Can we develop new digital versions of visits with material items? How might those work?

The discussion group, which now has more than 560 members, shared information on museum collecting during the pandemic and helped CMA highlight the catastrophic effects of closures on museum finances and collections care as well as issues surrounding reopening protocols. . We also promoted the relevance of museums to society during the pandemic, ranging from redeployment of personal protective equipment (PPE) and use of museum 3D printers to create the PPE for health care workers (thank you, colleagues!), to the great digital surge of online tours, self-curated exhibitions, activities, and programming offered by museums. We’ve also seen some slightly wacky posts, including one on a proposed museum in space (fun thought, but floats above such realities as the parlous nature of even earthbound museum budgets) and an ethically problematic “weirdest object” challenge.

A highlight of the forum is the international nature of information posted, and seeing how challenges related to the pandemic play out differently in different contexts. Some issues have cross-cultural implications. Posts on a decision by the Association of Art Museum Directors to relax rules around selling collections to shore up budgets have prompted assertions of Indigenous sovereignty, ownership, and deep concern over the fate of heritage items.

COVID-19 will be with us for a long time. We need new practices for maintaining relationships and making collections accessible. We have argued that our work is crucial to supporting identity, healing, and health in Indigenous and other communities. Is backing away the only thing we can do now? Locked out of collections and exhibitions, and in some cases deprived of institutional email through furlough processes, we’ve been remarkably quiet for a group whose practice is based on relationships, resilience, and determination.

How can we take our work online in ways that support community engagement? Some digital outreach done by museums has endeavored to bridge the gap between in-person and online access; the best such projects get audiences to consider shape, weight, texture, and history. I’m not aware of any such work by, with, or for Indigenous or other community of origin audiences, nor of any detailed online collections visits created within the contexts of collaborative relationships.

We are starting to see commissioned museum tours for general public audiences, some by Indigenous colleagues. We are also seeing thoughtful attempts to continue critical dialogues, including webinars, critical online museum tours, and online exhibitions covering historical and contemporary relations of power that discuss colonialism, race and other key issues.

Such developments are welcome, but they don’t replace visits by community members to the museum to handle and learn from heritage items, or the relationship-building needed to support those visits and their positive outcomes in both community and museum. There has been some experimentation with how we hold conversations with community representatives. I’m intrigued by a blog posted by an environmental assessment company that works collaboratively with Indigenous communities about doing semi-structured interviews online. Can we develop new digital versions of visits with material items? How might those work?
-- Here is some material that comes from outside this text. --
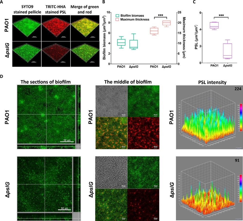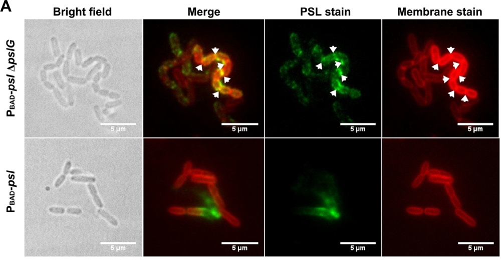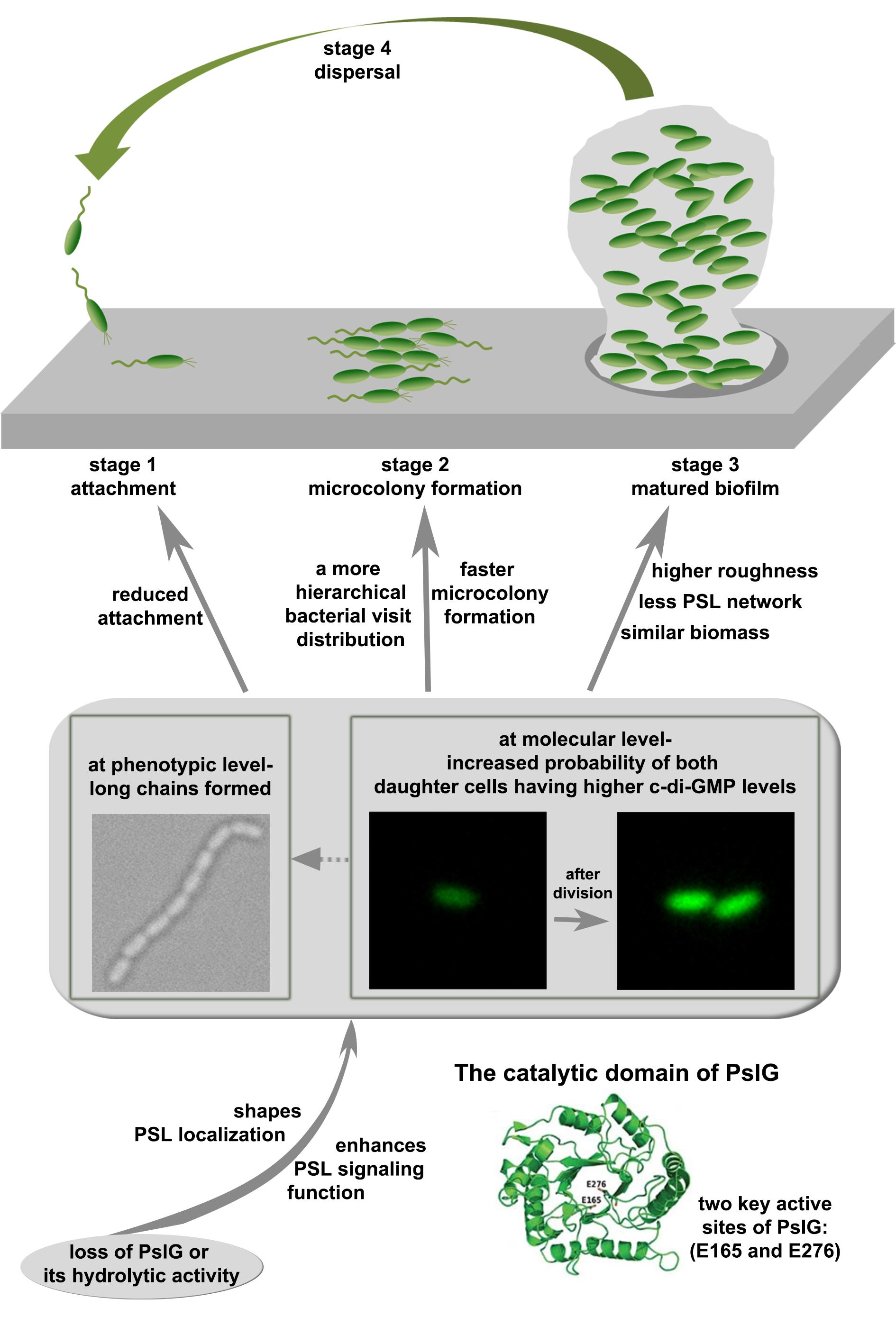 铜绿假单胞菌是一种条件致病菌,是生物被膜研究的模式菌株之一。编码PslG的基因位于由15个基因组成的PSL多糖基因簇中,该基因簇负责合成铜绿假单胞菌关键生物被膜基质多糖PSL。近日,马旅雁研究组与天津大学赵坤教授团队开展合作研究,发现铜绿假单胞菌缺失PslG蛋白或丧失其水解活性会增强PSL多糖的信号功能,并改变胞内二级信使cyclic-di-GMP的水平。该研究运用单细胞观测技术,揭示了PslG蛋白缺失影响细胞分裂后的c-di-GMP在两个子细胞中的分布和浓度, c-di-GMP局部浓度增加会限制细菌细胞的运动能力,同时影响PSL多糖的产量和其在细胞表面的分布。c-di-GMP和PSL多糖的分布改变会导致部分菌细胞分裂后不分离,从而形成长链,快速形成生物被膜微菌落,进而影响生物被膜的发育。外源添加PslG蛋白,则会消除长链现象,证明PslG蛋白在细胞命运和生物被膜发育中起到关键作用。

Helen Rees Leahy’s thoughtful piece for Cultural Practice, “Cultural Access and the ‘New Normal’,” noted that lockdowns have “both revealed and exacerbated existing inequalities of wealth, space, time, and health” in relation to museum access. Much of what museum anthropology has done in the past has been about addressing such inequalities. Our task now is to take that legacy into a future in which COVID-19 remains part of life for museums and for their audiences.

Join the conversation in CMA’s Facebook group!

Laura Peers is a settler curator/museum anthropologist living on Michi-Saagig territory near Peterborough, Canada, and works as an international freelance consultant.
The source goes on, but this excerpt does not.